Otherwise, the project may be tidy from the supplier’s point of view but frustrating for the people who need to use it.
Quick records scanning checklist before you ask for a quote
Before contacting a supplier, try to gather:
- Approximate number of boxes
- Document types
- Page condition
- Whether files are loose, stapled, foldered or bound
- Whether OCR is needed
- Whether indexing is needed
- Required file format
- Desired folder structure
- Delivery method
- Whether originals should be returned, stored or shredded
- Any confidentiality requirements
- Any deadline or trigger, such as an office move or audit
You do not need every answer before asking for help, but the more you can provide, the more accurate the quote will be.
A simple office archive clear-out process
If you need a practical starting point, use this process:
- Walk the archive area and estimate volume.
- Group boxes by department or record type.
- Remove obvious non-records and duplicates where safe to do so.
- Check retention rules before disposing of anything.
- Flag confidential or restricted records.
- Create a simple box list.
- Decide what needs OCR or indexing.
- Agree file naming and folder structure.
- Confirm where digital files should be delivered.
- Scan a sample before the full project if needed.
- Review the sample with someone who uses the records.
- Approve the full scanning project.
- Review delivered files.
- Decide whether originals are returned, stored or shredded.
That is enough structure to keep the project controlled without making it overcomplicated.
When to ask for help
You should consider getting help if:
- You have a large number of archive boxes
- The records are sensitive
- You need searchable PDFs
- You need indexing
- You are preparing for an office move
- Staff keep getting interrupted to find old records
- You are unsure what should be scanned or destroyed
- You need a clear digital structure after scanning
- You want documents uploaded into SharePoint, OneDrive or another system
The earlier you ask, the easier it is to shape the project properly.
A good supplier should not only ask “how many boxes?”
They should also ask how you need to find, use and control the information afterwards.
Final thought: clear the paper, but keep control of the information
An archive clear-out is a good opportunity to reduce paper, free space and make old records easier to access.
But scanning should not simply move the problem from shelves into folders.

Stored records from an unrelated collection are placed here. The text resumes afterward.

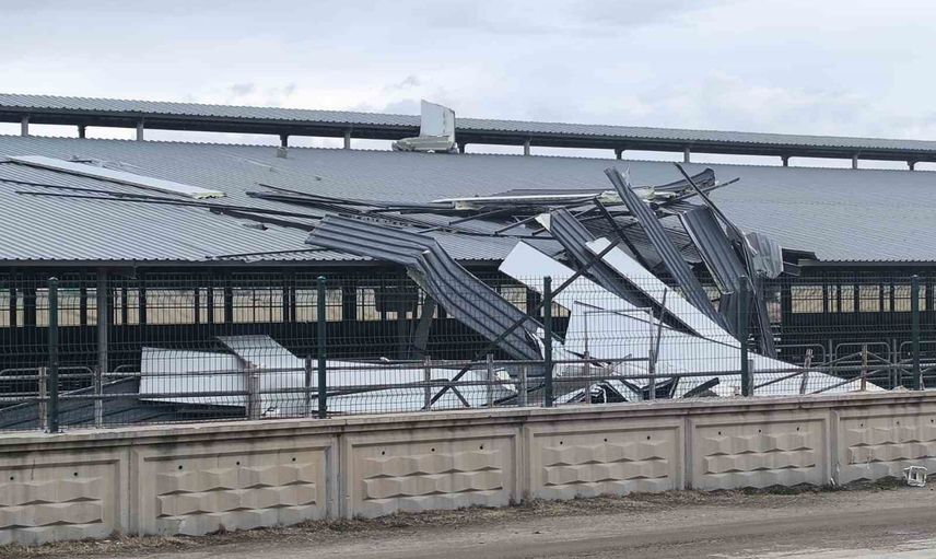 Afyonkarahisar'da kuvvetli rüzgâr bazı işyeri çatılarında hasara yol açtı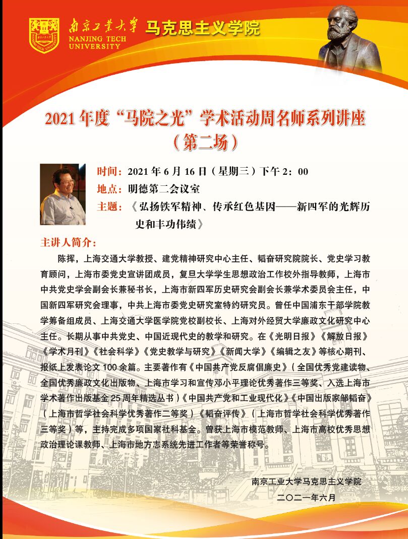 2021年度“马院之光”学术活动周名师系列讲座 (第二场)预告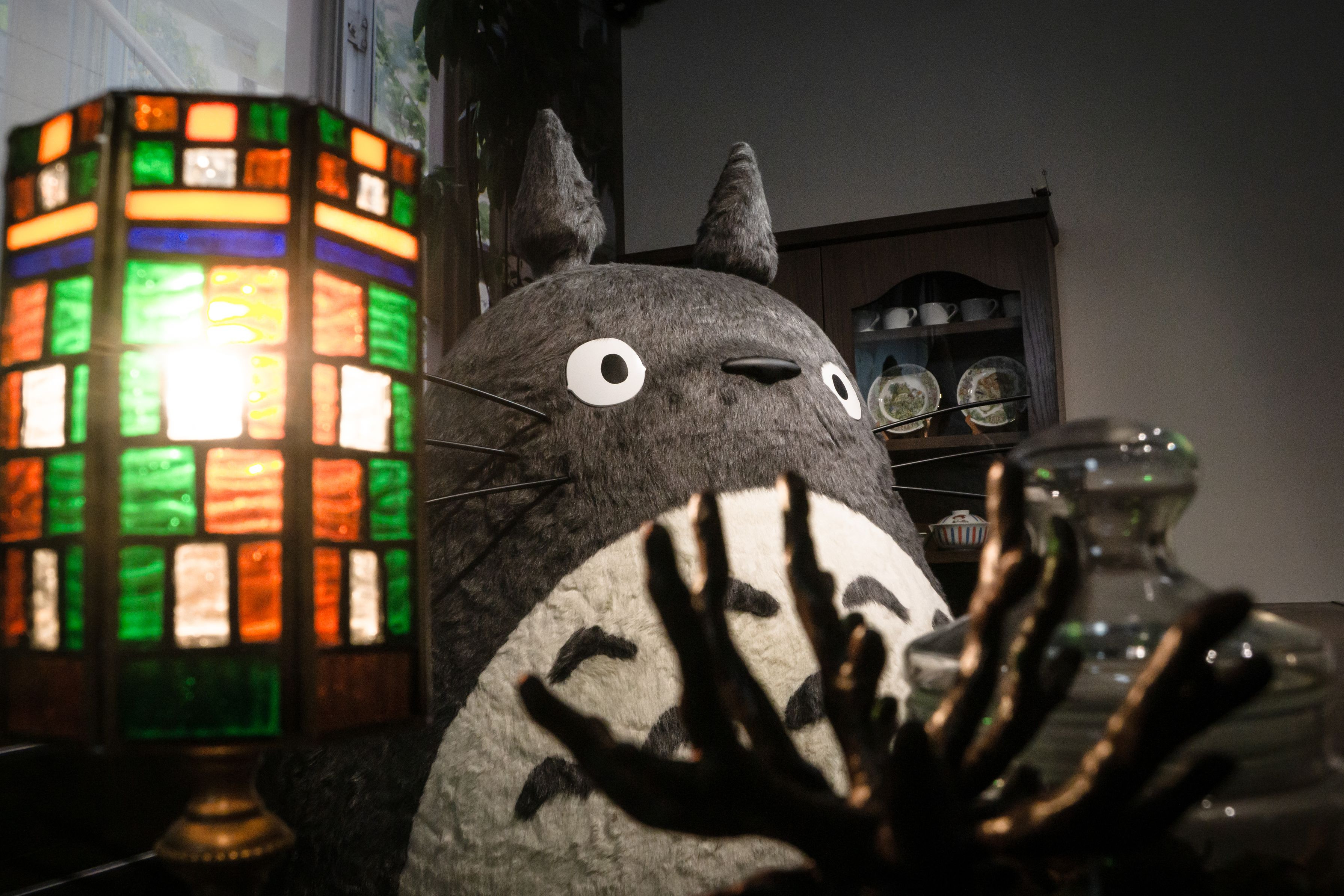 ジブリパーク「ジブリの大倉庫」内 カウンターの向こうにトトロがいました。 何か喫茶店のマスターっぽい雰囲気が出ていたので笑

Before scanning, sort the records, agree the structure, check the retention position, decide the naming rules and think about the people who need to find the files later.
That is how an archive scanning project becomes more than a tidy-up.
It becomes a practical improvement in how the business handles information.
If your office archive is ready for scanning, use this checklist first. Then request a document scanning quote from DocR and we can help you turn paper records into searchable digital files that are easier to find, use and control.
FAQs
Should we sort archive boxes before scanning?
Yes. You do not need to make every box perfect, but basic sorting helps reduce cost, confusion and unnecessary scanning. At minimum, group boxes by record type, department, date range and confidentiality level.
Should we scan every document in the archive?
Not always. Some documents may be duplicates, expired records, blank forms or items that no longer need to be retained. Check your retention rules before deciding what should be scanned, returned or securely shredded.
What does OCR mean in document scanning?
OCR means Optical Character Recognition. It turns scanned images into searchable text, so users can search inside PDFs for names, numbers, dates, references and keywords.
What is the best file format for scanned archive records?
For many business archives, searchable PDF or PDF/A is a practical option. The right format depends on how the files will be stored, whether they need long-term retention and whether they will be imported into another system.
How do we know how many archive boxes need scanning?
Start with a simple box count, then note the type of records, condition, foldering and whether the documents are loose, stapled or bound. A scanning supplier can then help estimate pages and quote more accurately.